→ Exercise requirements: When you write out the listing below, keep each word exactly as it stands and drop the pictures.

→ Data:

== Segment start ==

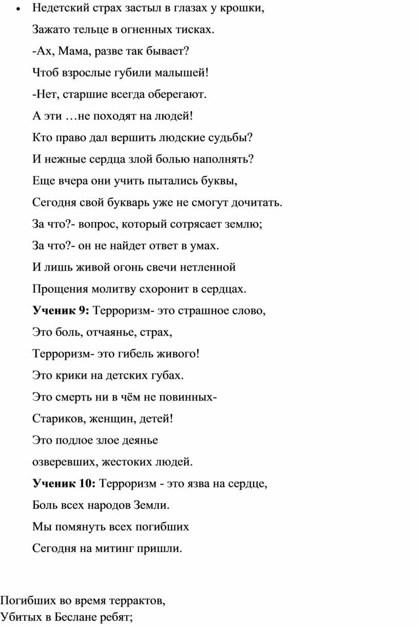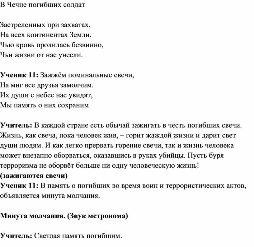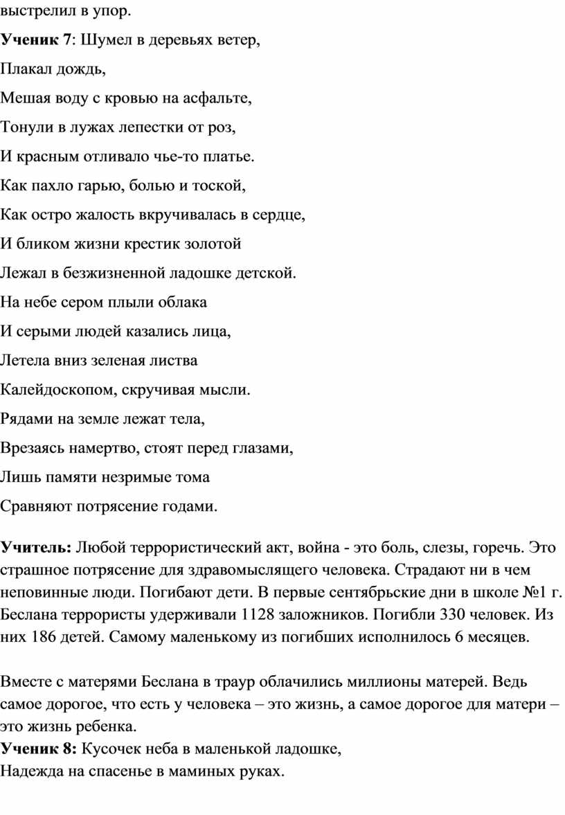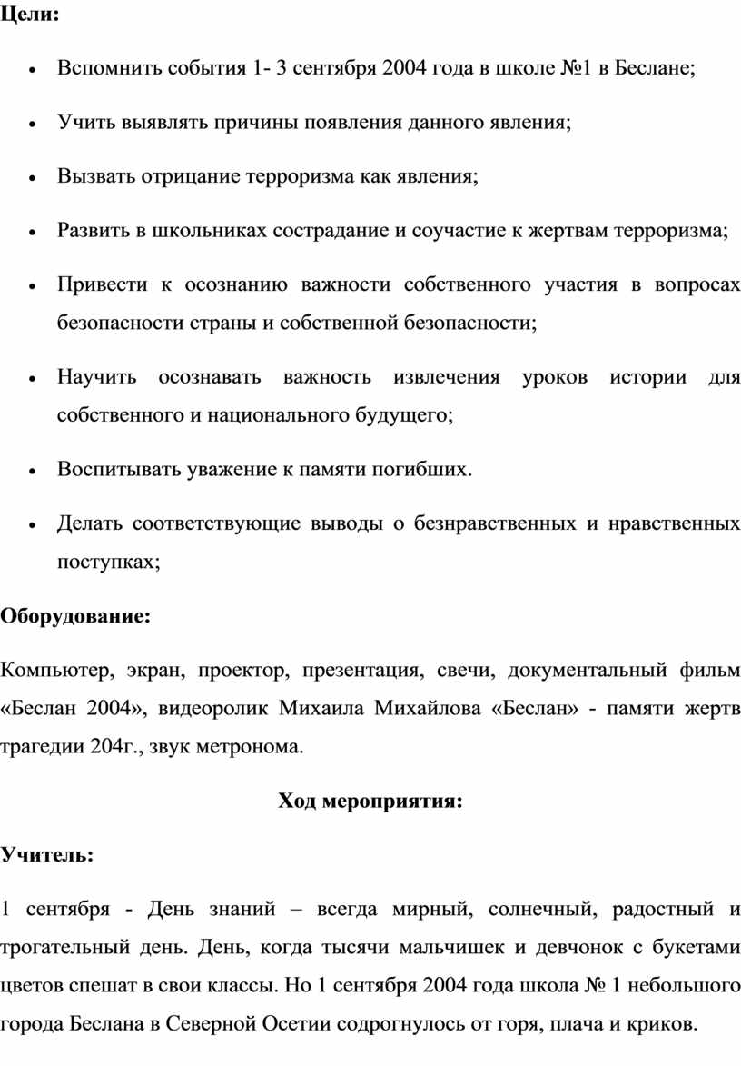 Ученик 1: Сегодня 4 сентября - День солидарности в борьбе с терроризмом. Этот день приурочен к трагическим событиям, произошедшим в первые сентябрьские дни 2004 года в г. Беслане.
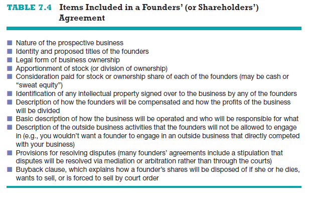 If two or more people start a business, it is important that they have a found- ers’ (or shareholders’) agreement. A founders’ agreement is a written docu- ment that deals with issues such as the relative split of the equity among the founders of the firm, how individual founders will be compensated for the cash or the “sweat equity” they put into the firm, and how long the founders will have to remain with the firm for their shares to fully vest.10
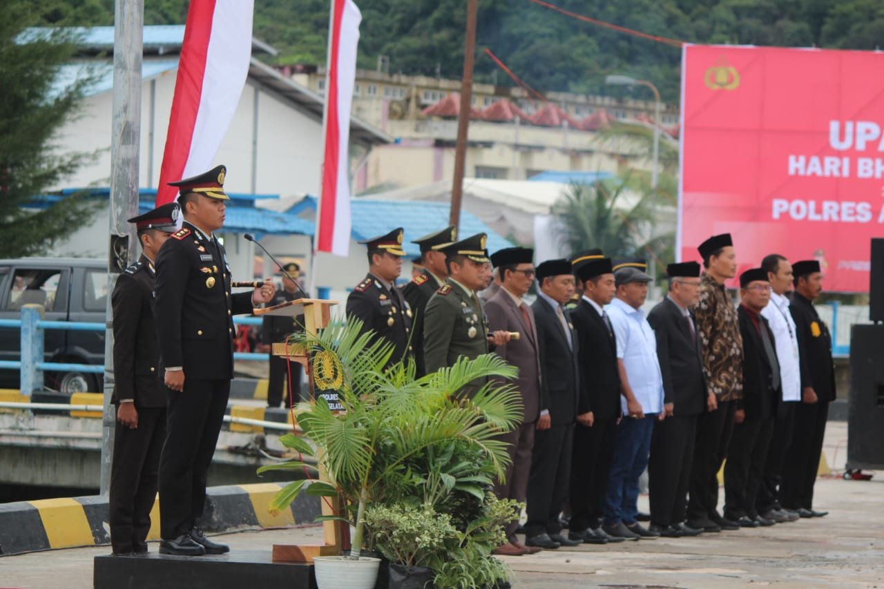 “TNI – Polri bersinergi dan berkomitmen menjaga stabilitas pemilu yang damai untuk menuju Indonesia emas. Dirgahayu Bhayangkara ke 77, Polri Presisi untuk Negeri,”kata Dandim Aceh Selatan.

== Segment end ==

→ Answer for the task:
 Ученик 1: Сегодня 4 сентября - День солидарности в борьбе с терроризмом. Этот день приурочен к трагическим событиям, произошедшим в первые сентябрьские дни 2004 года в г. Беслане.
 If two or more people start a business, it is important that they have a found- ers’ (or shareholders’) agreement. A founders’ agreement is a written docu- ment that deals with issues such as the relative split of the equity among the founders of the firm, how individual founders will be compensated for the cash or the “sweat equity” they put into the firm, and how long the founders will have to remain with the firm for their shares to fully vest.10
 “TNI – Polri bersinergi dan berkomitmen menjaga stabilitas pemilu yang damai untuk menuju Indonesia emas. Dirgahayu Bhayangkara ke 77, Polri Presisi untuk Negeri,”kata Dandim Aceh Selatan.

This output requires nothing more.